------ Data excerpt ------

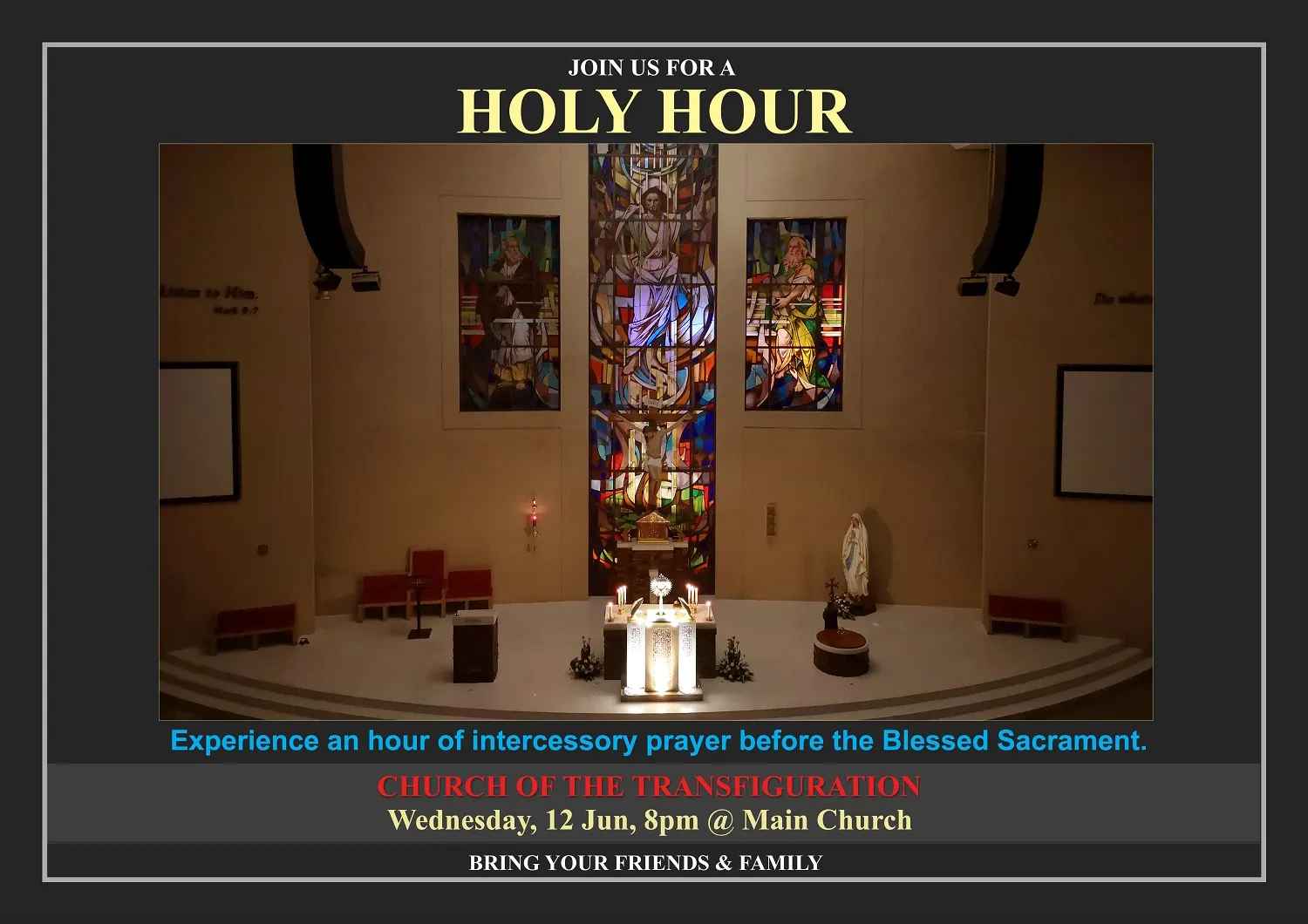 HOLY HOUR – WEDNESDAY, 12th June 2019 (due to Holiday on 5th June 2019)
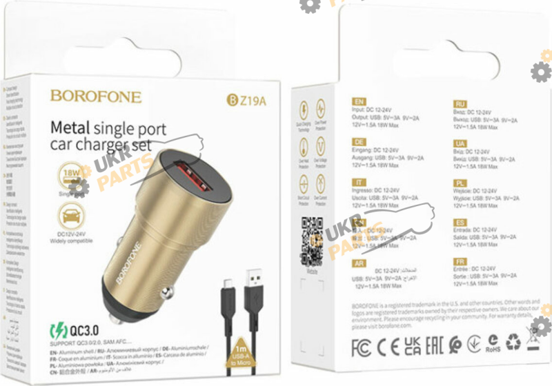 Автомобільний зарядний пристрій BOROFONE BZ19A Wisdom single port QC3.0 car charger (Micro) Gold забезпечує швидкий і стабільний заряд. У пристрої передбачена багаторівнева система захисту від перегріву, перевантаження і короткого замикання.
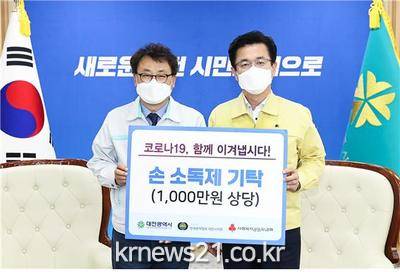 ▲ [사진제공 = 대전광역시]대전시는 12일 오후 2시 40분 응접실에서 한국방역협회 대전시지회가 1,000만원 상당의 코로나19의 예방물품을 기탁했다고 밝혔다.
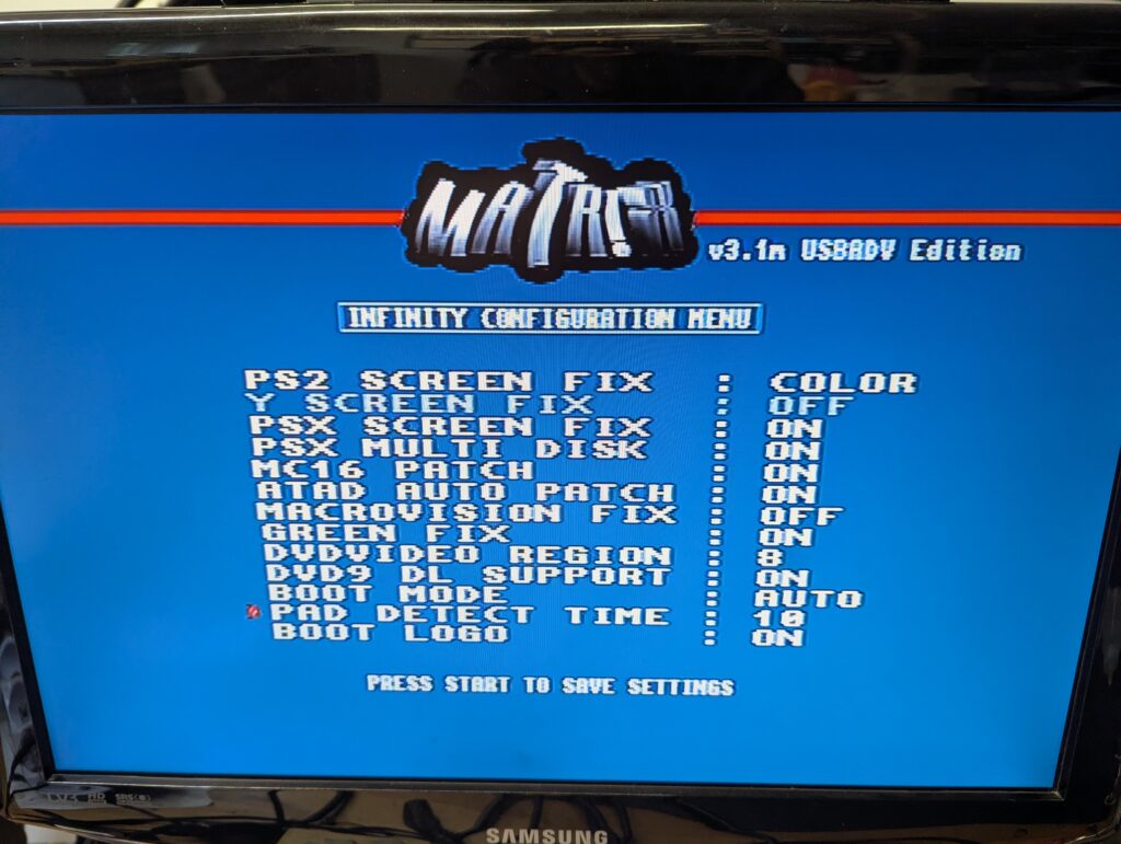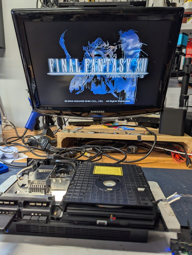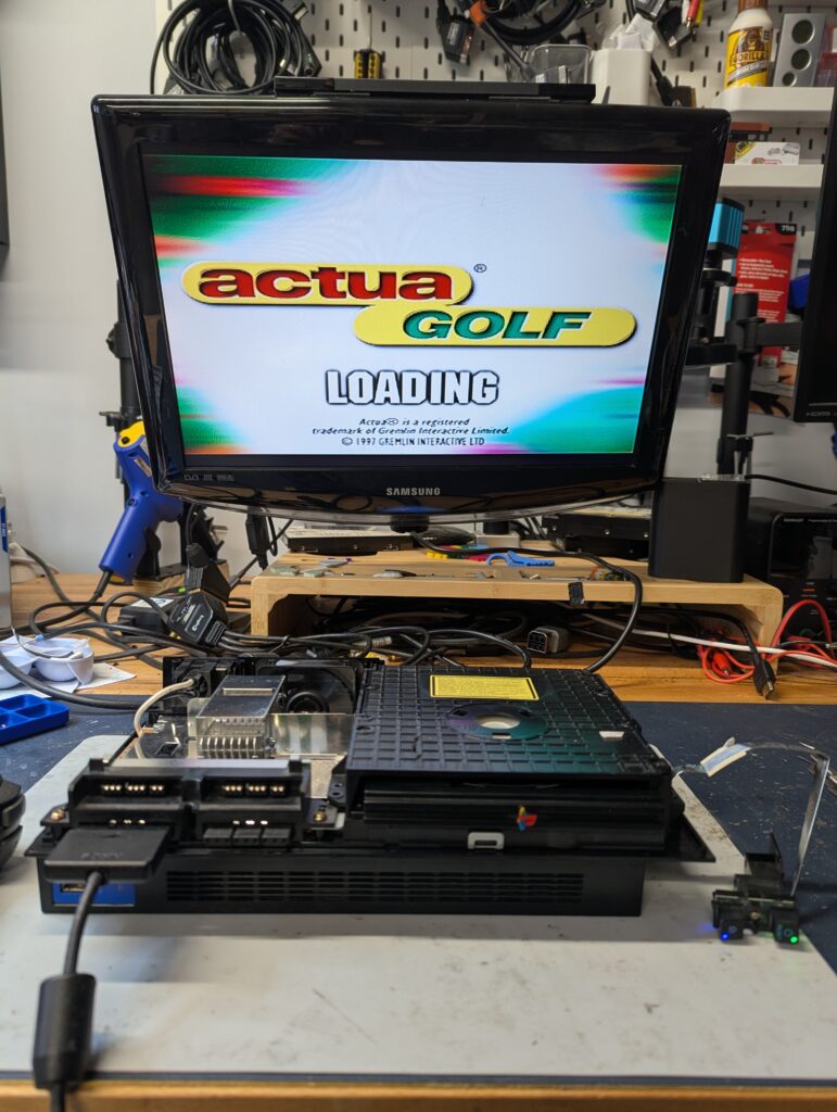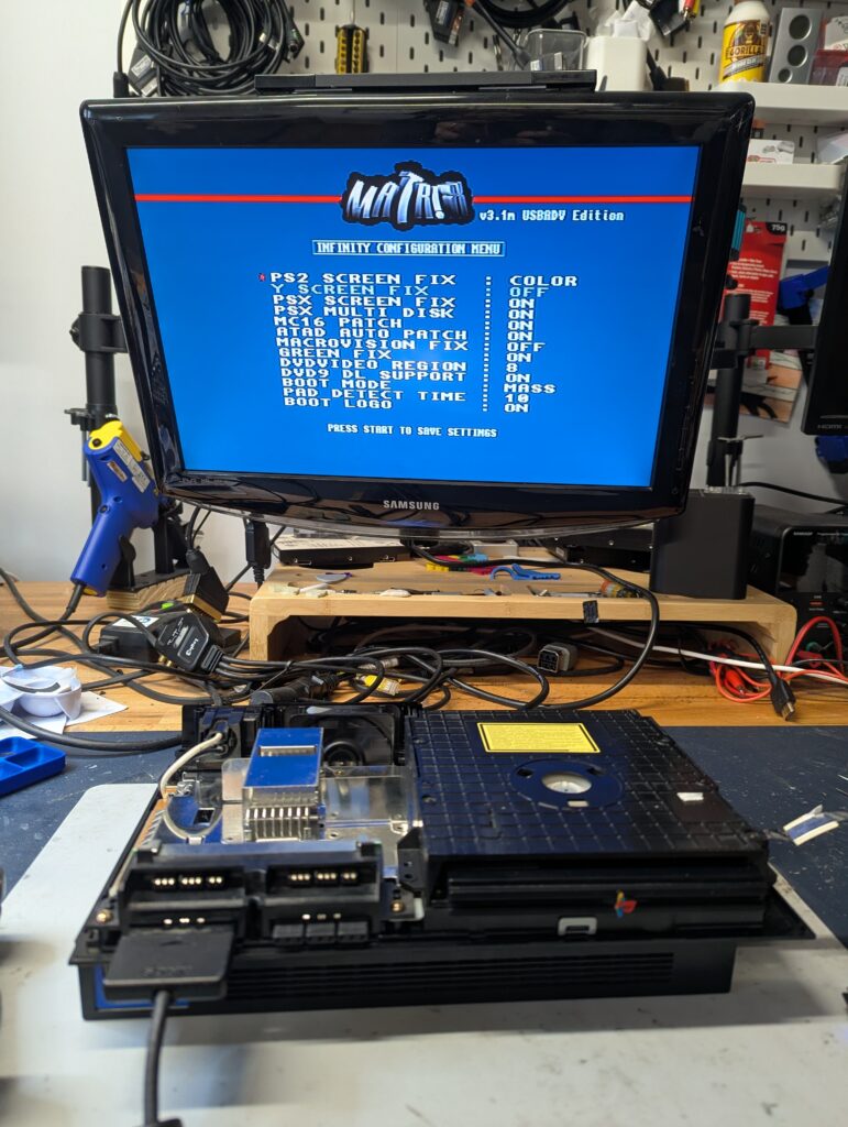Testing the console and the Matrix Infinity menu of the modchip before putting the console completely together

------

Make an exact copy of the listing above. Its pictures are not needed.

Response box:
 HOLY HOUR – WEDNESDAY, 12th June 2019 (due to Holiday on 5th June 2019)
 Автомобільний зарядний пристрій BOROFONE BZ19A Wisdom single port QC3.0 car charger (Micro) Gold забезпечує швидкий і стабільний заряд. У пристрої передбачена багаторівнева система захисту від перегріву, перевантаження і короткого замикання.
 ▲ [사진제공 = 대전광역시]대전시는 12일 오후 2시 40분 응접실에서 한국방역협회 대전시지회가 1,000만원 상당의 코로나19의 예방물품을 기탁했다고 밝혔다.
Testing the console and the Matrix Infinity menu of the modchip before putting the console completely together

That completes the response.